Эшелон с демобилизованными советскими солдатами отправляется из Берлина

Иван Котов. 9 мая 1945 ему было 23 года. “Раненые после 9 мая перестали поступать”

“С 1942 года я был врачом в хирургических отделениях разных госпиталей. За два месяца до победы меня отправили в клинику на усовершенствование (повышение квалификации. – Ред.). Дело было в Перми. 9 мая я как раз находился на дежурстве. Все почему-то ждали, что война закончится именно в этот день, ждали, что именно сегодня объявят по радио. Когда объявили, радость была неимоверная, все восторгались, обнимались, плакали. Трудно выразить эти чувства словами. Но мы никак в этот день не отмечали. Порадовались и вернулись к работе. А после дежурства я вышел на улицу и попал на праздничное шествие. По улицам ходили целые толпы. Раненые после 9 мая перестали поступать, и в июне госпиталь в Перми расформировали. А до 9 мая раненые потоком шли. Донорской крови не хватало. Вот помню, в 1945-м поступило в наш госпиталь пять литров крови, и главный врач распорядился вливать по 50 граммов в качестве стимуляции, и то самым тяжелым. А после 9 мая этот кошмар закончился”.

Архив Перми. 9 мая 1945 года. Митинг на заводе по случаю окончания войны

А вот какой Победу увидели в Новосибирске:

“Утро 9 мая 1945 года, Новосибирск.
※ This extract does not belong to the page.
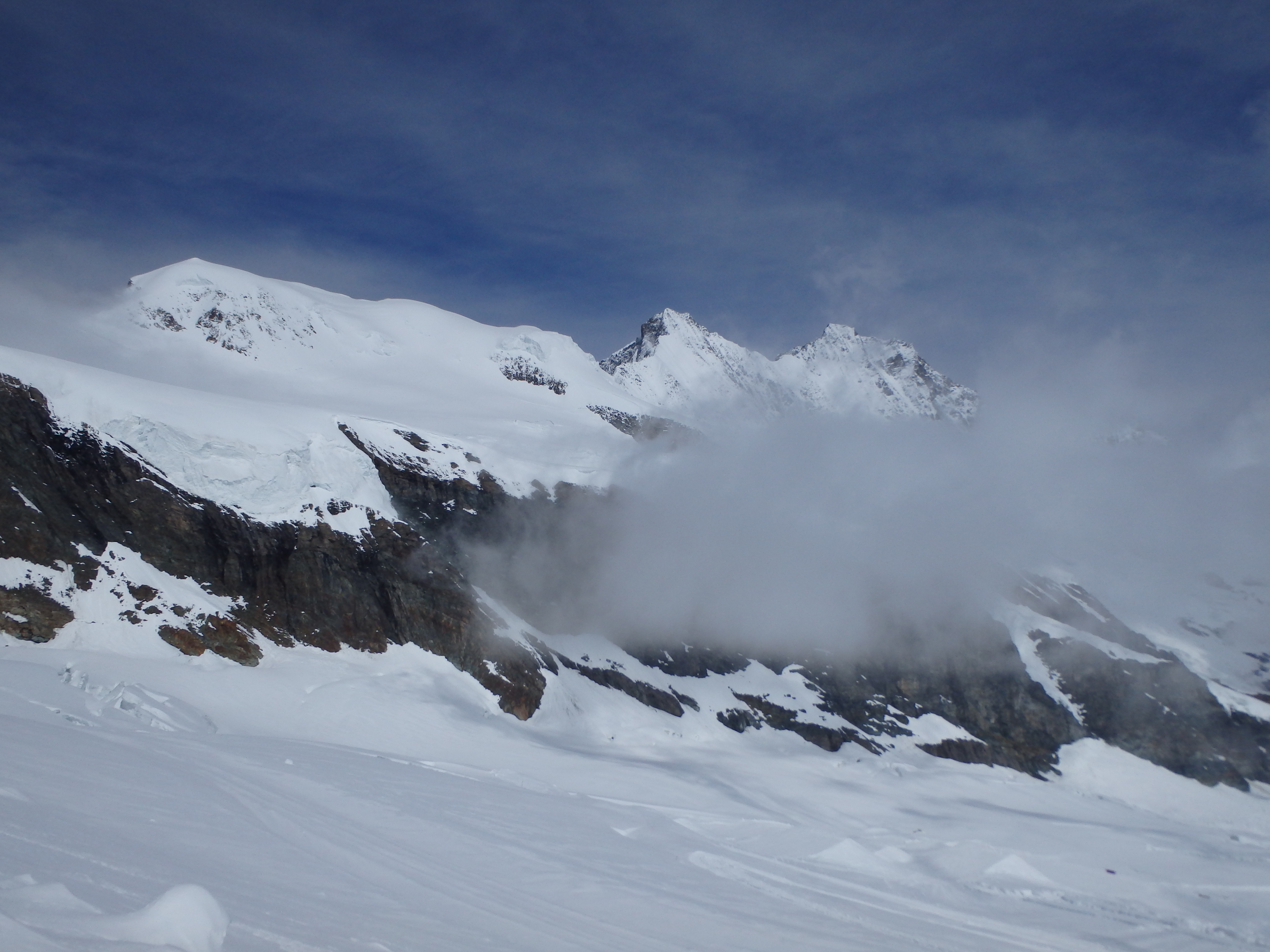 The lower slopes did not look promising. I could see huge crevasses cutting across the slope below the saddle, half covered by fresh snow. My only hope would be to find a track at the top of the ski runs. I continued onward, the clouds continuing to clear, offering incredible views of the entire valley including Alphubel, Dom, Lagginhorn and Weissmeis across the valley.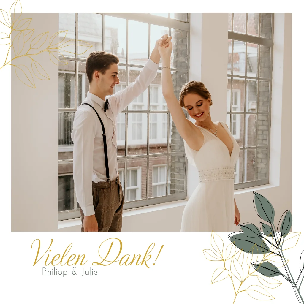 Dankeskarte mit grünen und goldenen Blättern: Golden Leaves"

Весенний освежающий дождь смывает с города пыль, и вот уже он сияет чистотой в лучах солнца на безоблачном небе, дыша молодой зеленью…

Те, кто включили радиоприёмники в шесть часов утра, первыми услышали это слово. Слово, которое ждали четыре долгих года. Четыре года страха и надежды, упорного труда и веры, лютой ненависти и святой любви. Слово «Победа». Акт о безоговорочной капитуляции Германии подписан 9 мая в 0:43 по московскому времени в пригороде Берлина. Войне конец!

Минута-другая на осознание услышанного, и всё — этого уже не остановить. От захлёстывающих эмоций люди выбегают из квартир, стучат в двери к соседям, а дальше — на улицу, на улицу! Радость какая! И этой радостью — непременно поделиться со всеми и с каждым. Незнакомые обнимаются, будто родные, целуются, плачут, но то — слёзы счастья. А уже в восемь утра радио зовёт: «Все на митинг!» Сотни, тысячи горожан, да что там, — буквально весь Новосибирск, — непрерывным потоком стекается на бывшую площадь Эйхе, а ныне площадь Свердлова перед Облисполкомом. Повсюду бумажные флажки, портреты Сталина. С заводов и фабрик едут машины, нагруженные ликующим народом, прибывает народ с левобережья, — со знамёнами и оркестром. Со стороны военного городка раздаются хлопки, — это в небо взмывают праздничные ракеты. А на площади бушует людское море, бурлит взволнованная толпа! Люди, люди — повсюду: в окнах дома «под часами», в окнах больницы, на крышах, и даже сидят на деревьях. Где-то заводят патефон, тут песню запевают. Тех, что в медалях да при погонах, качают и подбрасываю в воздух по многу раз. Но вот гул стихает: на балкон Облисполкома выходит секретарь обкома ВКПб Михаил Кулагин.

«Долгожданное свершилось! Германия разбита!», — говорит он и останавливается. Мощное, могучее «Ура!!!» гремит над площадью, раскатывается по улицам.

А с балкона продолжают звучать, наполняющие души новосибирцев ликованием, слова Кулагина: «Храбро, стойко, мужественно защищали воины-сибиряки нашу прекрасную страну. За её свободу, независимость, за счастливое будущее сибиряки на фронтах Отечественной войны бились с врагом, не щадя своей жизни. Никогда наша мать, Родина, никогда наш народ не забудут своих храбрых сынов, героев отдавших жизнь за отчизну. Слава воинам-сибирякам!»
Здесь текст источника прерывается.